語(yu)(yu)(yu)(yu)音(yin)合成(cheng)(cheng)（Speech Synthesis），也稱為(wei)文語(yu)(yu)(yu)(yu)轉(zhuan)換(huan)（Text-to-Speech, TTS,它(ta)是(shi)(shi)將任意的(de)(de)(de)(de)輸入文本轉(zhuan)換(huan)成(cheng)(cheng)自(zi)然(ran)流暢的(de)(de)(de)(de)語(yu)(yu)(yu)(yu)音(yin)輸出。語(yu)(yu)(yu)(yu)音(yin)合成(cheng)(cheng)涉及到人(ren)工智能、心(xin)理學(xue)(xue)、聲(sheng)學(xue)(xue)、語(yu)(yu)(yu)(yu)言(yan)學(xue)(xue)、數(shu)字信號處(chu)理、計算機科學(xue)(xue)等(deng)多個學(xue)(xue)科技(ji)術(shu)，是(shi)(shi)信息處(chu)理領域中(zhong)的(de)(de)(de)(de)一項前沿技(ji)術(shu)。隨著(zhu)(zhu)計算機技(ji)術(shu)的(de)(de)(de)(de)不斷(duan)提高(gao)，語(yu)(yu)(yu)(yu)音(yin)合成(cheng)(cheng)技(ji)術(shu)從早期的(de)(de)(de)(de)共(gong)振峰合成(cheng)(cheng),逐(zhu)步發展為(wei)波形拼(pin)接合成(cheng)(cheng)和統(tong)計參數(shu)語(yu)(yu)(yu)(yu)音(yin)合成(cheng)(cheng)，再發展到混合語(yu)(yu)(yu)(yu)音(yin)合成(cheng)(cheng)；合成(cheng)(cheng)語(yu)(yu)(yu)(yu)音(yin)的(de)(de)(de)(de)質量、自(zi)然(ran)度(du)已經得(de)到明顯提高(gao)，基(ji)本能滿足一些(xie)特定場合的(de)(de)(de)(de)應(ying)用需求。目前，語(yu)(yu)(yu)(yu)音(yin)合成(cheng)(cheng)技(ji)術(shu)在(zai)銀行、醫院等(deng)的(de)(de)(de)(de)信息播報(bao)系統(tong)、汽車導航系統(tong)、自(zi)動(dong)應(ying)答呼叫中(zhong)心(xin)等(deng)都有廣泛應(ying)用，取得(de)了巨大的(de)(de)(de)(de)經濟效益(yi)。另外，隨著(zhu)(zhu)智能手機、MP3、PDA 等(deng)與我們生活(huo)密(mi)切相關的(de)(de)(de)(de)媒(mei)介的(de)(de)(de)(de)大量涌現(xian)，語(yu)(yu)(yu)(yu)音(yin)合成(cheng)(cheng)的(de)(de)(de)(de)應(ying)用也在(zai)逐(zhu)漸向(xiang)娛樂(le)、語(yu)(yu)(yu)(yu)音(yin)教(jiao)學(xue)(xue)、康復治療等(deng)領域深入。
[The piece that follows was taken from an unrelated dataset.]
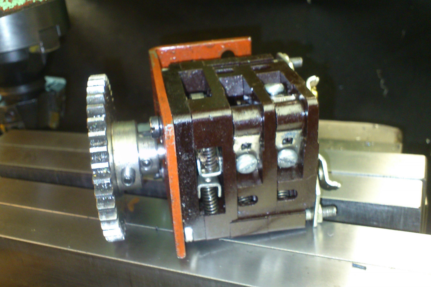 Ozubený ocelový hřeben pro Meoptu do nějakého přístroje, náhrada za původní plastový. Nástroj pro hřeben v modulu 0,7 jsem si vybrousil z hrubozubého pilového kotouče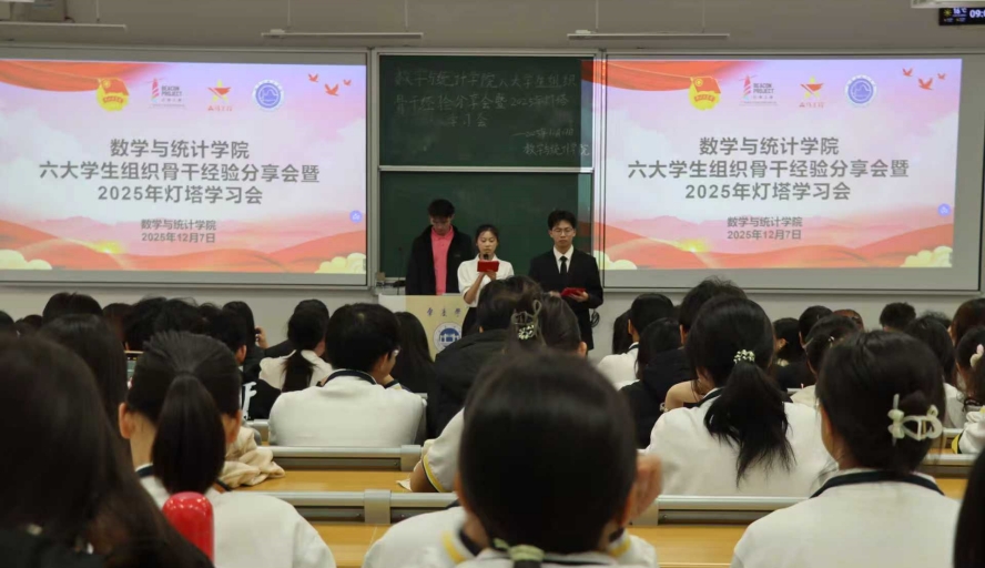 2025年12月7日,学院六大学生组织骨干经验分享会暨2025年灯塔学习会在主校区新建教学楼B206教室举行,250名师生代表共同参会。

可以說語(yu)(yu)(yu)(yu)音(yin)合成(cheng)(cheng)正在(zai)影(ying)響(xiang)著(zhu)(zhu)人(ren)們生活(huo)的(de)(de)(de)(de)方(fang)方(fang)面面。

語音合成 · 講稿 · 話題 · MoDELS · 穩健性 ·

2022 年 4 月 20 日

KazakhTTS2: Extending the Open-Source Kazakh TTS Corpus With More Data, Speakers, and Topics

Saida Mussakhojayeva,Yerbolat Khassanov,Huseyin Atakan Varol

from arxiv, 8 pages, 2 figures, 5 tables, accepted to LREC 2022

We present an expanded version of our previously released Kazakh text-to-speech (KazakhTTS) synthesis corpus. In the new KazakhTTS2 corpus, the overall size has increased from 93 hours to 271 hours, the number of speakers has risen from two to five (three females and two males), and the topic coverage has been diversified with the help of new sources, including a book and Wikipedia articles. This corpus is necessary for building high-quality TTS systems for Kazakh, a Central Asian agglutinative language from the Turkic family, which presents several linguistic challenges. We describe the corpus construction process and provide the details of the training and evaluation procedures for the TTS system. Our experimental results indicate that the constructed corpus is sufficient to build robust TTS models for real-world applications, with a subjective mean opinion score ranging from 3.6 to 4.2 for all the five speakers. We believe that our corpus will facilitate speech and language research for Kazakh and other Turkic languages, which are widely considered to be low-resource due to the limited availability of free linguistic data. The constructed corpus, code, and pretrained models are publicly available in our GitHub repository.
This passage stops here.